------ Data for this task ------

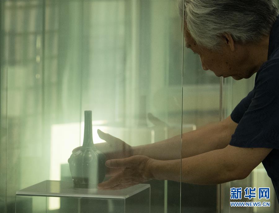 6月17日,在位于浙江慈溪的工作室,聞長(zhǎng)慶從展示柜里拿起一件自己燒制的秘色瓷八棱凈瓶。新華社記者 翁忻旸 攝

------
------ Data for this task ------

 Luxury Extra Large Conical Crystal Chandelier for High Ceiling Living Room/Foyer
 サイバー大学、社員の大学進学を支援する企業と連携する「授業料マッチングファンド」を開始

------

• _What is required_
Each line above from the one with "Luxury Extra Large" up to and including the one with "サイバー大学、社員の大学進学" must be set down exactly, and no line outside that span may appear.

• _Answer for the task_
 Luxury Extra Large Conical Crystal Chandelier for High Ceiling Living Room/Foyer
 サイバー大学、社員の大学進学を支援する企業と連携する「授業料マッチングファンド」を開始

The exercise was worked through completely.